- [What is being asked]:
Exact copy, no pictures: return only the lines below from the line with "新醫改方案最終稿近期公布 政府可購買醫保服務" up to and including the line with "2022年07月12日晚上1".

:: Data for review ::

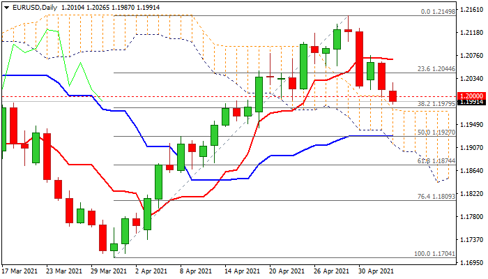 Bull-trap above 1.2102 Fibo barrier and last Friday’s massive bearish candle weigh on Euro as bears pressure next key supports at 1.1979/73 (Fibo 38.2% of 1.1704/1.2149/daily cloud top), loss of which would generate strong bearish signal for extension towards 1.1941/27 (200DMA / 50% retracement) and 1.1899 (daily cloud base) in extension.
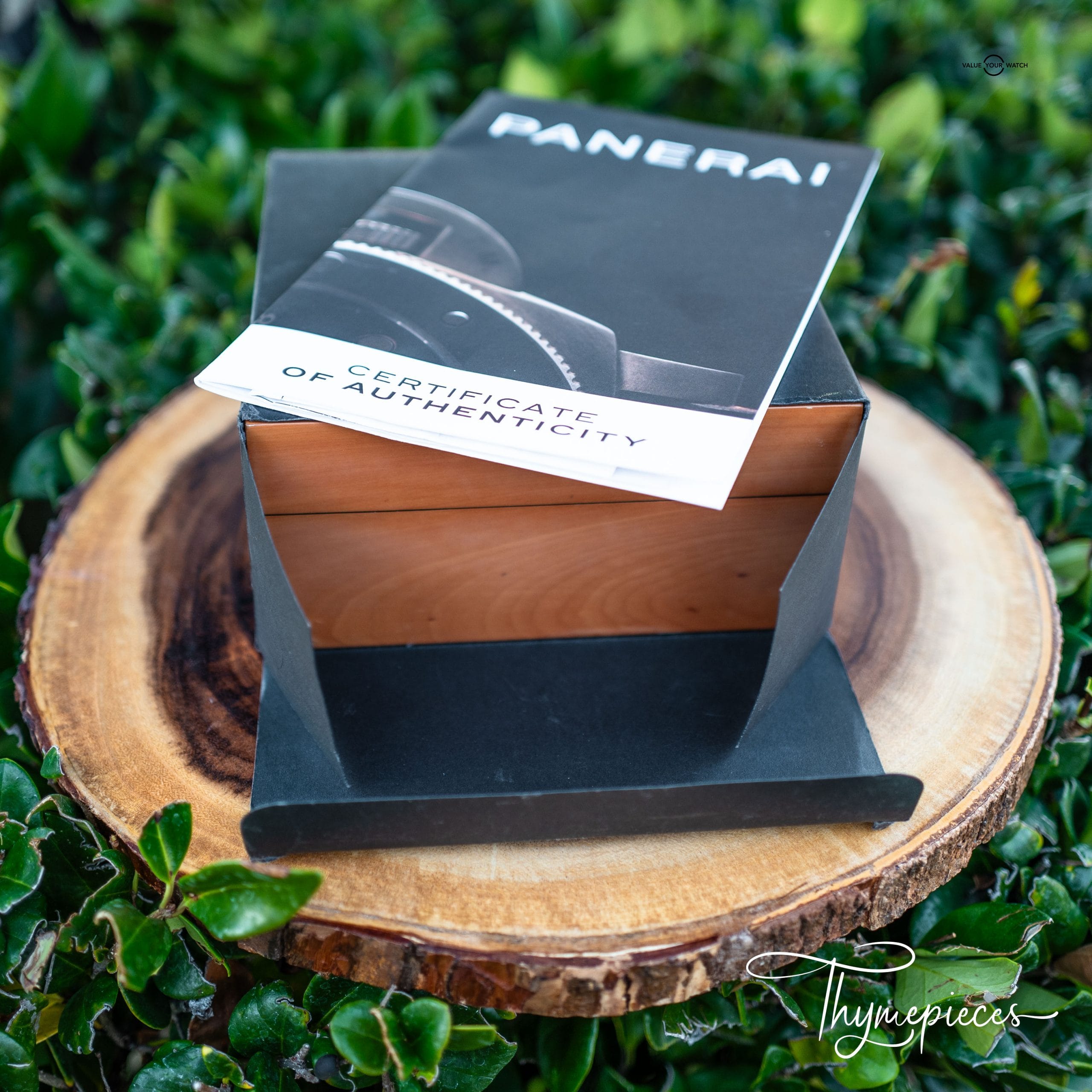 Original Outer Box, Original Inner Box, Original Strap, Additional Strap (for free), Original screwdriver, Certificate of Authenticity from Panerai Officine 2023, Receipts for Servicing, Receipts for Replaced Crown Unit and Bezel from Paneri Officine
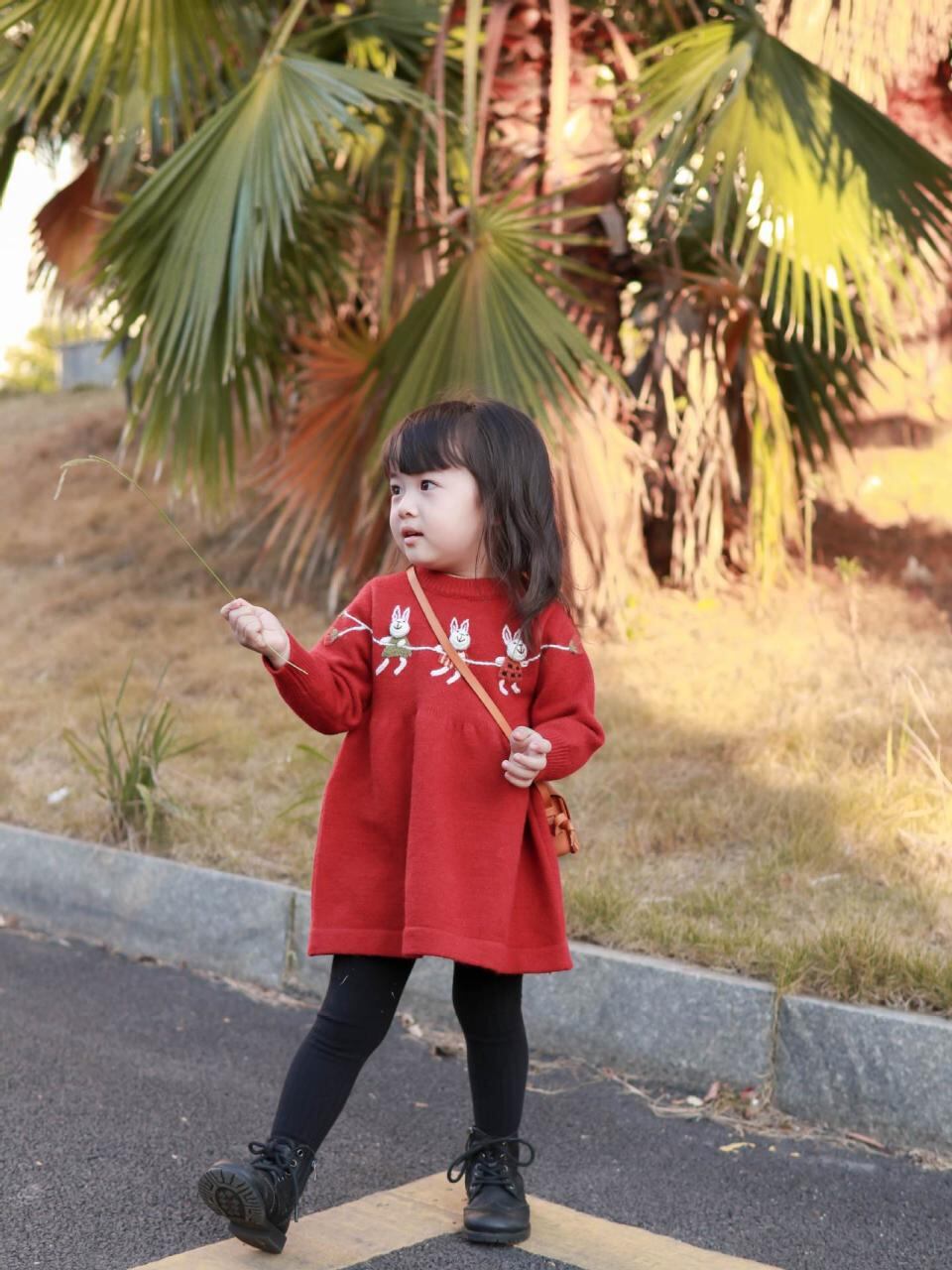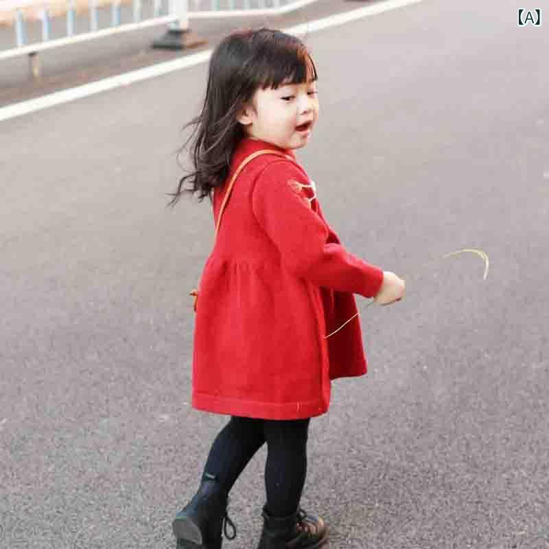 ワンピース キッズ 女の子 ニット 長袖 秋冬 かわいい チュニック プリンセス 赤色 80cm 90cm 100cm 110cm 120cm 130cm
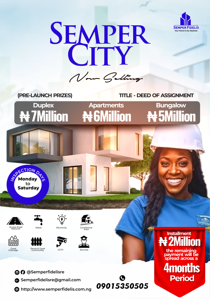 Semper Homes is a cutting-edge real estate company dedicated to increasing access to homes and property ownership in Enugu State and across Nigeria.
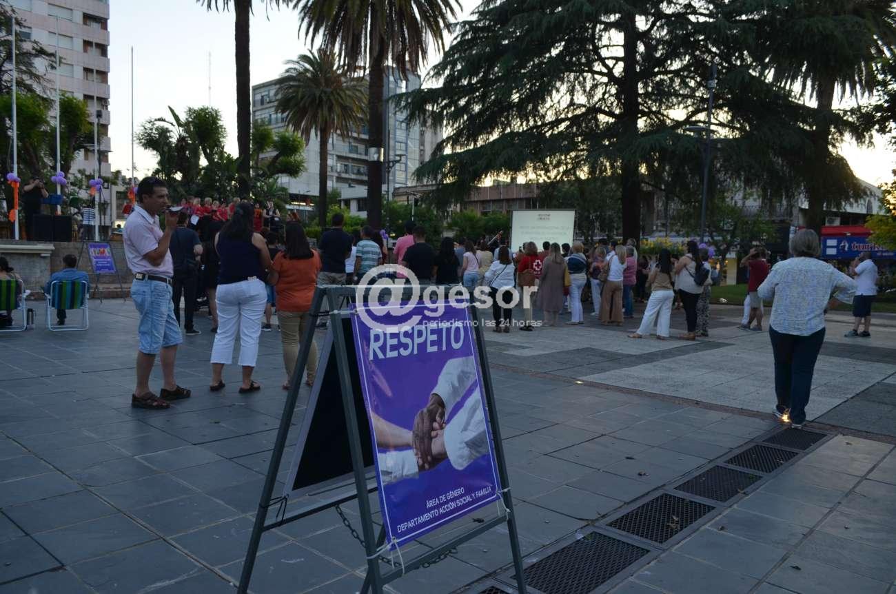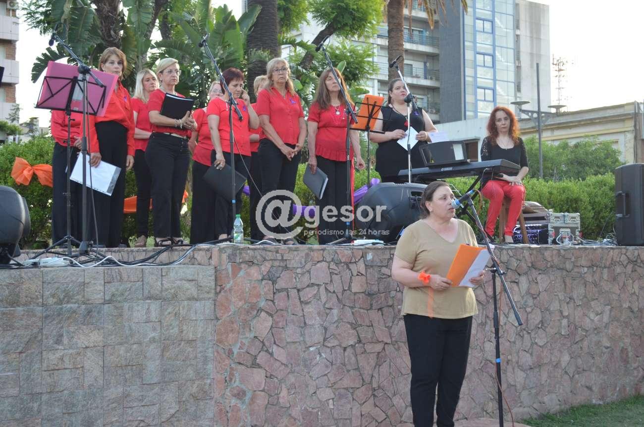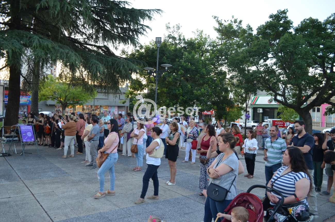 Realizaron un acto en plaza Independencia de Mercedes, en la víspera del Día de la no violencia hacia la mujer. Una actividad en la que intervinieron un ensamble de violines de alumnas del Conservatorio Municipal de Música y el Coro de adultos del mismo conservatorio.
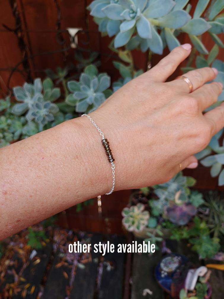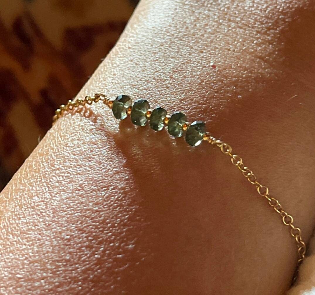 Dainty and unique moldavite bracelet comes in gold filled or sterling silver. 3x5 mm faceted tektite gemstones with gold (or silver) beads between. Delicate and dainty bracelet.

:::
:: Data for review ::

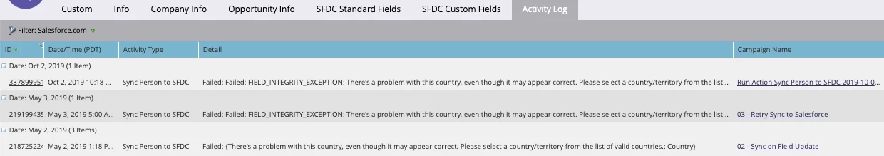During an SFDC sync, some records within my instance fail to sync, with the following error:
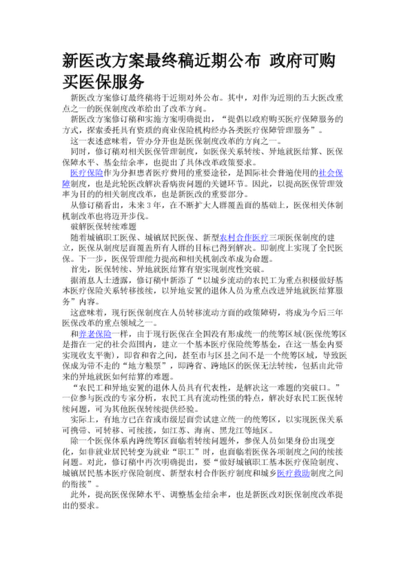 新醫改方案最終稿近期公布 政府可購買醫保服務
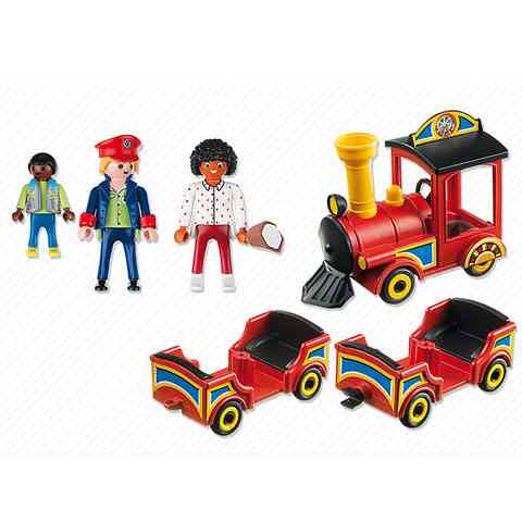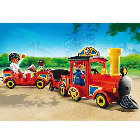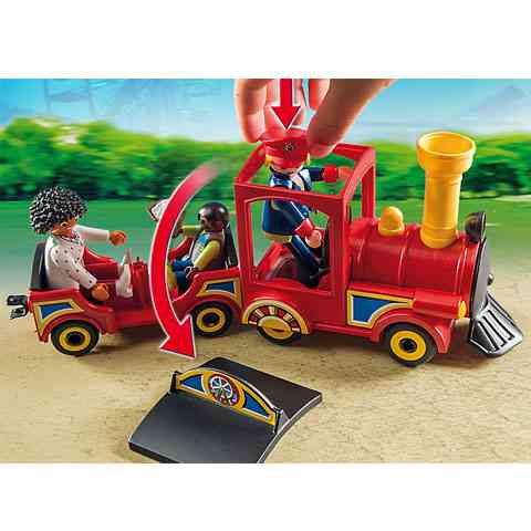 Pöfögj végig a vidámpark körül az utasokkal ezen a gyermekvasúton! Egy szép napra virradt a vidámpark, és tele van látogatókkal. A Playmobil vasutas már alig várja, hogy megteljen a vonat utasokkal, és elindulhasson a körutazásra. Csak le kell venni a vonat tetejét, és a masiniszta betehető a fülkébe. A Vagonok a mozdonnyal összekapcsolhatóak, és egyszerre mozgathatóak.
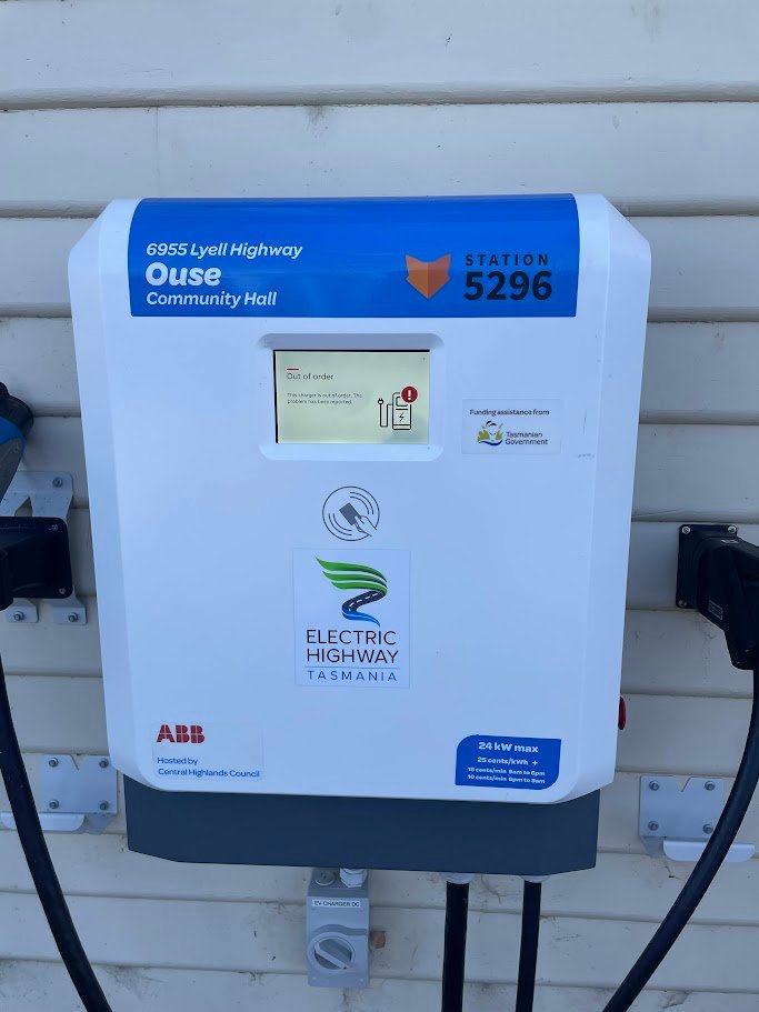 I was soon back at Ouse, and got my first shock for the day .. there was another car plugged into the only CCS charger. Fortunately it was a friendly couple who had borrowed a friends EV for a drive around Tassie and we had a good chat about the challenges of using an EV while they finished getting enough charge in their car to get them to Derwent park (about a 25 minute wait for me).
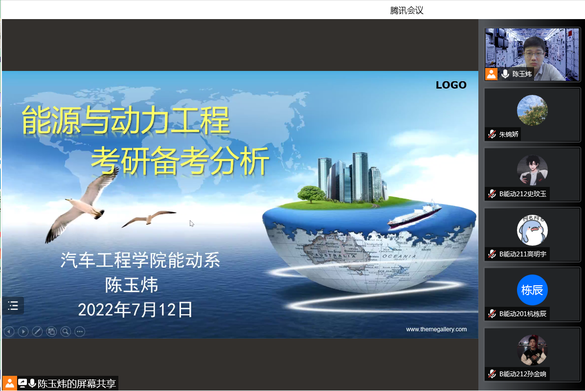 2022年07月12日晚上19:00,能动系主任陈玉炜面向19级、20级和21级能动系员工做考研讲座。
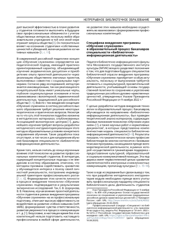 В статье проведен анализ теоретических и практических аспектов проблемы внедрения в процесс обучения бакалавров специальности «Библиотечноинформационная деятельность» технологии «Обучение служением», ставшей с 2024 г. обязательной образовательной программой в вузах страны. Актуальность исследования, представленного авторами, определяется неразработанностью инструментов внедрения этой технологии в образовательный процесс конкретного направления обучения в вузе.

:::
:: Data for review ::

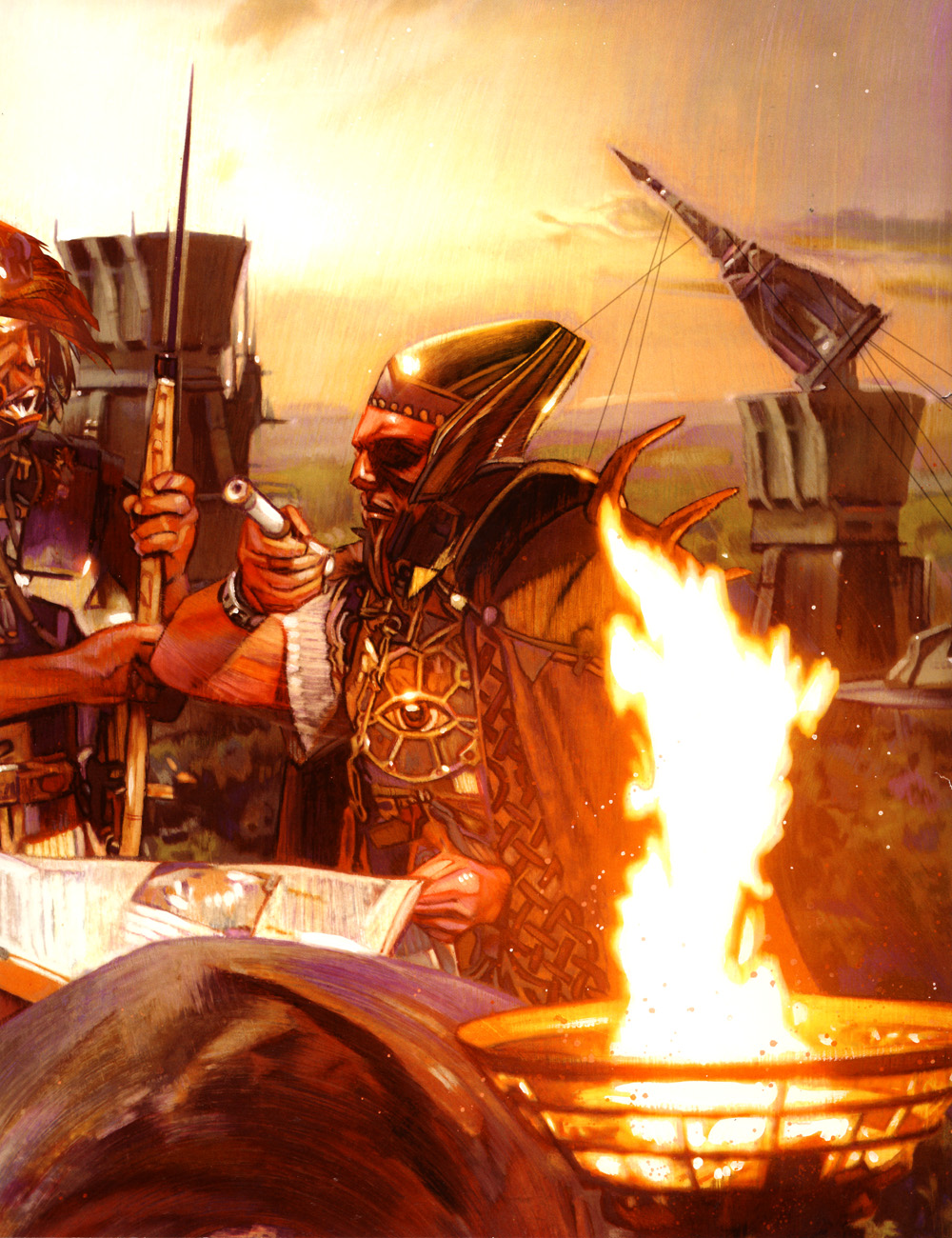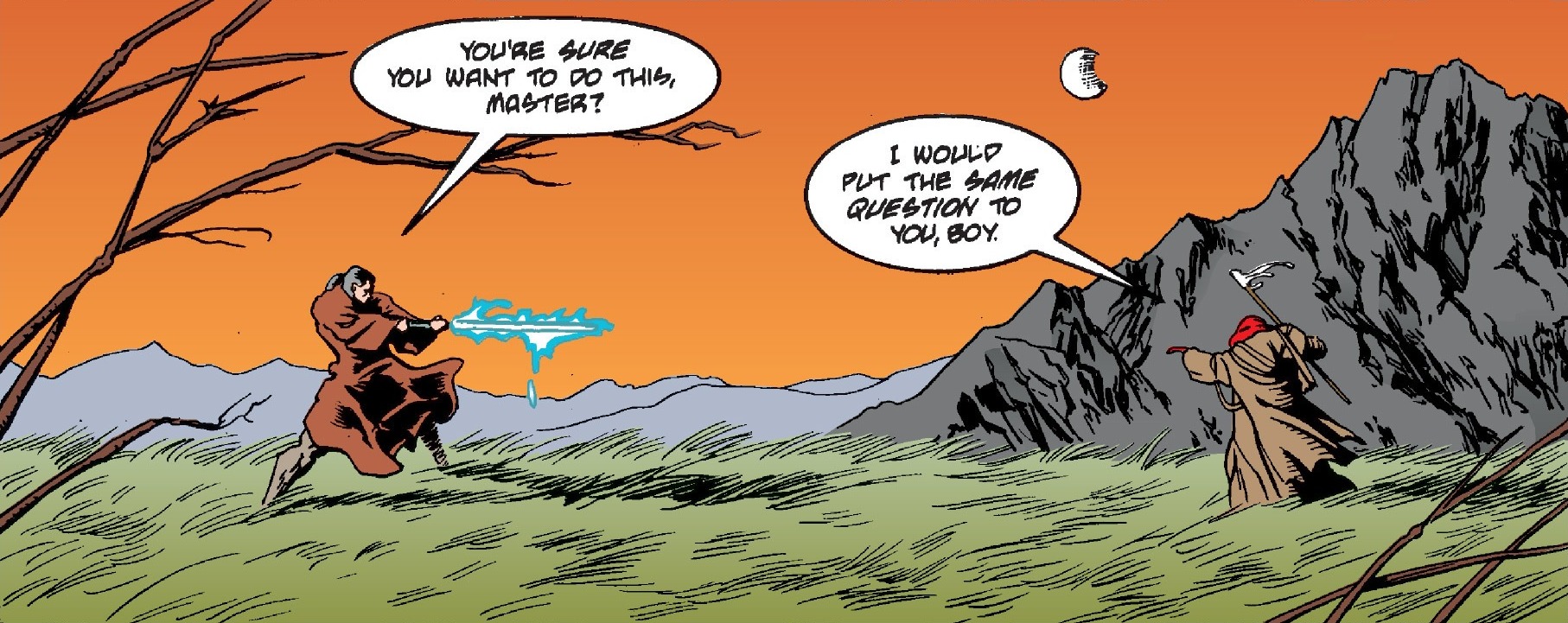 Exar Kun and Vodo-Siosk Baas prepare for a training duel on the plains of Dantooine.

:::

- [Problem solution]:
 新醫改方案最終稿近期公布 政府可購買醫保服務
 Pöfögj végig a vidámpark körül az utasokkal ezen a gyermekvasúton! Egy szép napra virradt a vidámpark, és tele van látogatókkal. A Playmobil vasutas már alig várja, hogy megteljen a vonat utasokkal, és elindulhasson a körutazásra. Csak le kell venni a vonat tetejét, és a masiniszta betehető a fülkébe. A Vagonok a mozdonnyal összekapcsolhatóak, és egyszerre mozgathatóak.
 I was soon back at Ouse, and got my first shock for the day .. there was another car plugged into the only CCS charger. Fortunately it was a friendly couple who had borrowed a friends EV for a drive around Tassie and we had a good chat about the challenges of using an EV while they finished getting enough charge in their car to get them to Derwent park (about a 25 minute wait for me).
 2022年07月12日晚上19:00,能动系主任陈玉炜面向19级、20级和21级能动系员工做考研讲座。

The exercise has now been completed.